Records for this task:

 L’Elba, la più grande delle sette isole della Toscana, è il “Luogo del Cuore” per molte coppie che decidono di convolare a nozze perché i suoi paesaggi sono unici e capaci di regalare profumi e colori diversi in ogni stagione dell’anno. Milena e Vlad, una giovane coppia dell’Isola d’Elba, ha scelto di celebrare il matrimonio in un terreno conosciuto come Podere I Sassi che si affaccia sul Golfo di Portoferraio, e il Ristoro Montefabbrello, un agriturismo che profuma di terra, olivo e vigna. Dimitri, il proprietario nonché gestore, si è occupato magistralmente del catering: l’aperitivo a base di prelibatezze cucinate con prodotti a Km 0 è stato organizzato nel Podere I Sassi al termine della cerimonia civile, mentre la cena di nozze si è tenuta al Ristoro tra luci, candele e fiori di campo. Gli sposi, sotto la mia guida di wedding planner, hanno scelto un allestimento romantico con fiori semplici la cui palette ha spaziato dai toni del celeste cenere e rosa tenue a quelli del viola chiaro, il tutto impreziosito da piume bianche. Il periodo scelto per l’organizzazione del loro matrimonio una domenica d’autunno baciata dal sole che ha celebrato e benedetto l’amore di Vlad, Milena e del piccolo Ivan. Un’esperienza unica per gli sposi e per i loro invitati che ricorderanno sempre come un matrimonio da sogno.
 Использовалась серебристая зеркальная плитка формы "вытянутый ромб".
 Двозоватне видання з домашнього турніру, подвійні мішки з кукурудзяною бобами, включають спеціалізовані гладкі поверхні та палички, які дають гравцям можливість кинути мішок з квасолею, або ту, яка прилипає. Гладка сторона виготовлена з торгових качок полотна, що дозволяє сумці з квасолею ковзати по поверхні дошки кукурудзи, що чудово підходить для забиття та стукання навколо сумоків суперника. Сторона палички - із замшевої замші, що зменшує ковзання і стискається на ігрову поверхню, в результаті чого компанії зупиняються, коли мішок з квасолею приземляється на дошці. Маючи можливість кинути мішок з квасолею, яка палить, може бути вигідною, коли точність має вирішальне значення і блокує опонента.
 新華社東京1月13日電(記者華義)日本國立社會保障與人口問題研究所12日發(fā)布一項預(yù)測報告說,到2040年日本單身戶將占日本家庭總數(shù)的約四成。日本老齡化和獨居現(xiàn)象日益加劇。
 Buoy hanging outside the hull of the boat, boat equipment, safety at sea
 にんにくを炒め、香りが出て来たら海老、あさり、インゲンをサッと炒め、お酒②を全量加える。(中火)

Task goal:
Every entry is to be returned exactly, with nothing dropped.

Solution to the exercise:
 L’Elba, la più grande delle sette isole della Toscana, è il “Luogo del Cuore” per molte coppie che decidono di convolare a nozze perché i suoi paesaggi sono unici e capaci di regalare profumi e colori diversi in ogni stagione dell’anno. Milena e Vlad, una giovane coppia dell’Isola d’Elba, ha scelto di celebrare il matrimonio in un terreno conosciuto come Podere I Sassi che si affaccia sul Golfo di Portoferraio, e il Ristoro Montefabbrello, un agriturismo che profuma di terra, olivo e vigna. Dimitri, il proprietario nonché gestore, si è occupato magistralmente del catering: l’aperitivo a base di prelibatezze cucinate con prodotti a Km 0 è stato organizzato nel Podere I Sassi al termine della cerimonia civile, mentre la cena di nozze si è tenuta al Ristoro tra luci, candele e fiori di campo. Gli sposi, sotto la mia guida di wedding planner, hanno scelto un allestimento romantico con fiori semplici la cui palette ha spaziato dai toni del celeste cenere e rosa tenue a quelli del viola chiaro, il tutto impreziosito da piume bianche. Il periodo scelto per l’organizzazione del loro matrimonio una domenica d’autunno baciata dal sole che ha celebrato e benedetto l’amore di Vlad, Milena e del piccolo Ivan. Un’esperienza unica per gli sposi e per i loro invitati che ricorderanno sempre come un matrimonio da sogno.
 Использовалась серебристая зеркальная плитка формы "вытянутый ромб".
 Двозоватне видання з домашнього турніру, подвійні мішки з кукурудзяною бобами, включають спеціалізовані гладкі поверхні та палички, які дають гравцям можливість кинути мішок з квасолею, або ту, яка прилипає. Гладка сторона виготовлена з торгових качок полотна, що дозволяє сумці з квасолею ковзати по поверхні дошки кукурудзи, що чудово підходить для забиття та стукання навколо сумоків суперника. Сторона палички - із замшевої замші, що зменшує ковзання і стискається на ігрову поверхню, в результаті чого компанії зупиняються, коли мішок з квасолею приземляється на дошці. Маючи можливість кинути мішок з квасолею, яка палить, може бути вигідною, коли точність має вирішальне значення і блокує опонента.
 新華社東京1月13日電(記者華義)日本國立社會保障與人口問題研究所12日發(fā)布一項預(yù)測報告說,到2040年日本單身戶將占日本家庭總數(shù)的約四成。日本老齡化和獨居現(xiàn)象日益加劇。
 Buoy hanging outside the hull of the boat, boat equipment, safety at sea
 にんにくを炒め、香りが出て来たら海老、あさり、インゲンをサッと炒め、お酒②を全量加える。(中火)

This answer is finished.